Exercise prompt: In your copy, leave out the pictures and output only the lines from the one holding "Since I have" through the end of the data below, exactly.
### Dataset excerpt
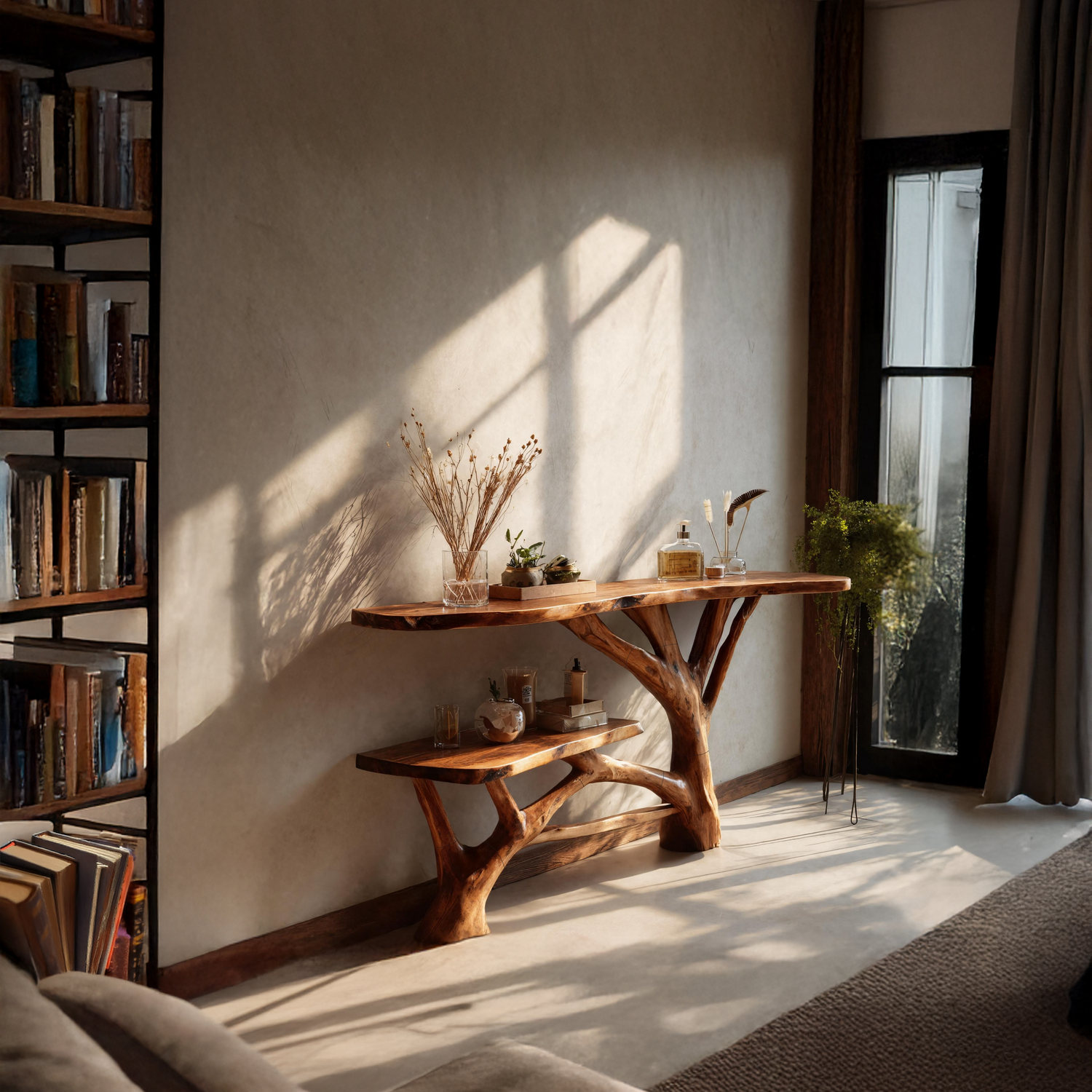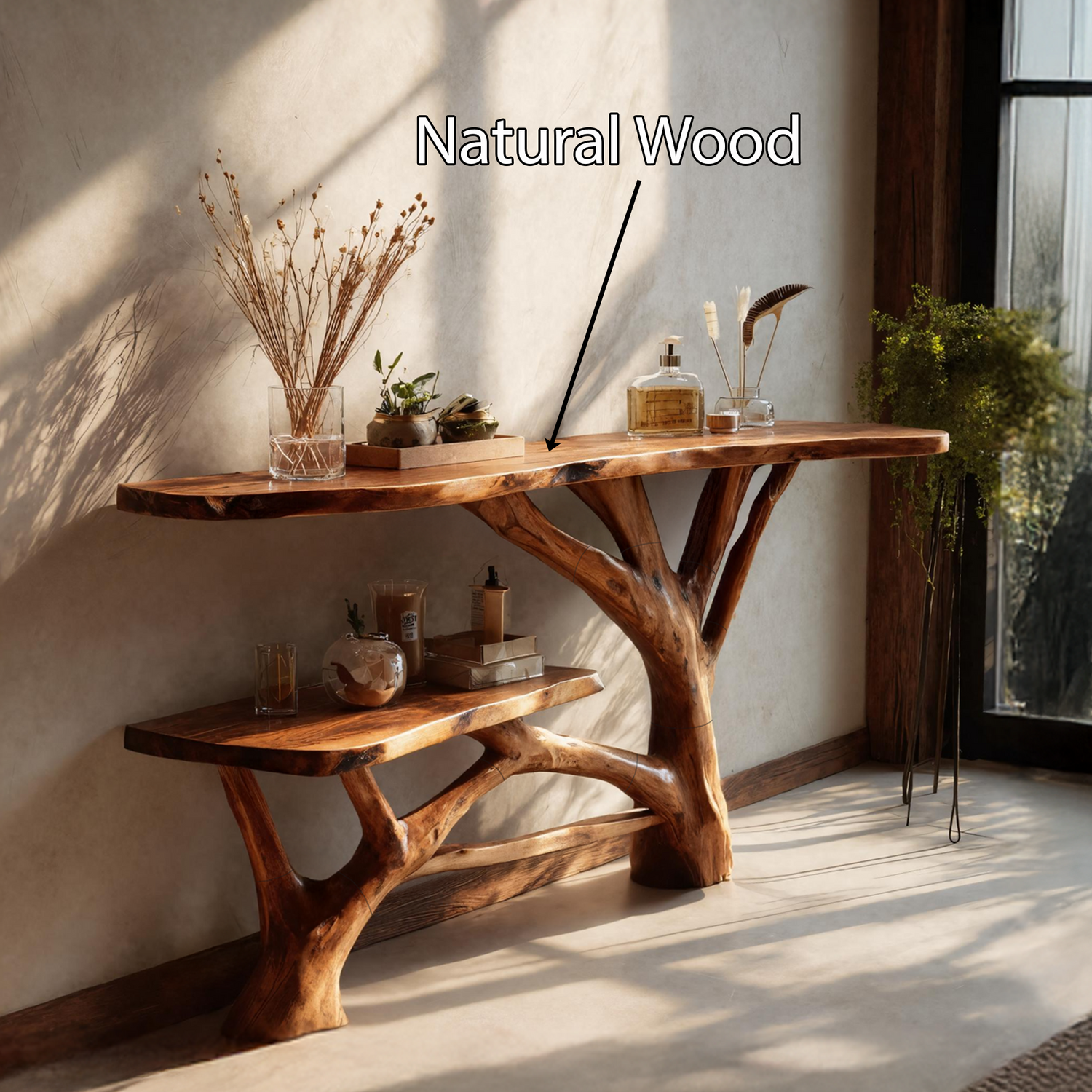 Elevate your interior with the Handcrafted Wooden Live Edge Console Table For Contemporary Furniture Decor. Carefully made from solid wood, this console table features a striking live edge design that celebrates the beauty of natural grain and texture. Its sleek, handcrafted form blends organic artistry with modern sophistication, making it a perfect accent for contemporary interiors. Ideal for displaying décor, organizing essentials, or adding a statement piece, it brings warmth, style, and craftsmanship to any space.
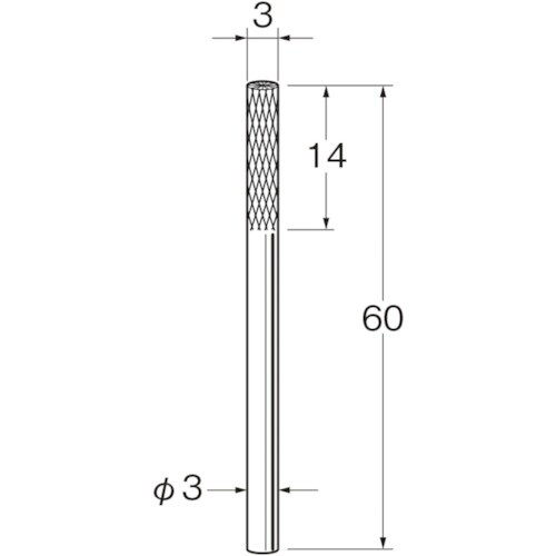 刃径(mm):3 | 刃長(mm):14 | 軸径(mm):3 | 全長(mm):60 | オール超硬・ロー付:オール超硬 | その他仕様:クロスカッ…
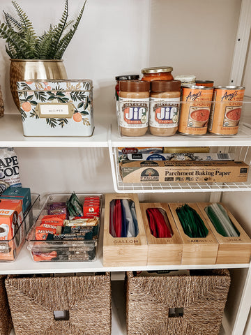Since I have limited drawer space in my kitchen, I keep my zip locks in the pantry - an area that has been screaming for some organization for a while now. I knew that if I was going to be taking photos of these storage bag containers and sharing them with the world, then the time had come to get this space looking neat and tidy!
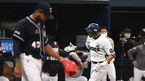 [OSEN=박준형 기자] 17일 오후 서울 고척스카이돔에서 ‘2020 신한은행 SOL KBO리그’ 한국시리즈 1차전 NC 다이노스와 두산 베어스의 경기가 열렸다.4회말 1사 1,2루 NC 알테어가 3점 홈런을 날리고 동료들의 축하를 받고 있다. / s
######
Response for this exercise:
Since I have limited drawer space in my kitchen, I keep my zip locks in the pantry - an area that has been screaming for some organization for a while now. I knew that if I was going to be taking photos of these storage bag containers and sharing them with the world, then the time had come to get this space looking neat and tidy!
 [OSEN=박준형 기자] 17일 오후 서울 고척스카이돔에서 ‘2020 신한은행 SOL KBO리그’ 한국시리즈 1차전 NC 다이노스와 두산 베어스의 경기가 열렸다.4회말 1사 1,2루 NC 알테어가 3점 홈런을 날리고 동료들의 축하를 받고 있다. / s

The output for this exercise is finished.